Tag Archives: r. d. blackmore

Book Review: Lorna Doone (Blackmore)

Have I read this before: Okay, I SWEAR TO GOD I’ve read this before. I distinctly remember propping the U of I Library’s copy up on the elliptical machine at the rec center back in, like, 2007. I swear. But I did NOT remember this book at all, apparently. So.

Review: This is a long-ass book for a relatively simple plot, in my opinion. It meanders all over the damn place at the start with little John Ridd, but I guess it kind of has to in order to set up his back story and socio-economic status. And there’s surprisingly little Lorna Doone for the first portion of the book given that the story is named after her. I guess we get a bunch of her later in the book, though. Am I bad for picturing the Doones like Cletus and his family from The Simpsons?

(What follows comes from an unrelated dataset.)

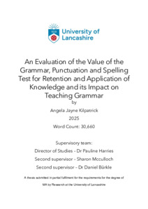 An Evaluation of the Value of the Grammar, Punctuation and Spelling Test for Retention and Application of Knowledge and its Impact on Teaching Grammar.

Favorite Part: This freaking duck part. It sticks out so much from the rest of the book, hahahaha:

“Thereupon Annie and I ran out to see what might be the sense of it. There were thirteen ducks, and ten lily-white (as the fashion then of ducks was), not I mean twenty-three in all, but ten white and three brown-striped ones; and without being nice about their color, they all quacked very movingly.

Annie began to cry ‘Dilly, dilly, einy, einy, ducksey,’ according to the burden of a tune they seem to have accepted as the national duck’s anthem; but instead of being soothed by it, they only quacked three times as hard, and ran around till we were giddy.

Therefore I knew at once, by the way they were carrying on, that there must be something or other gone wholly amiss in the duck-world.”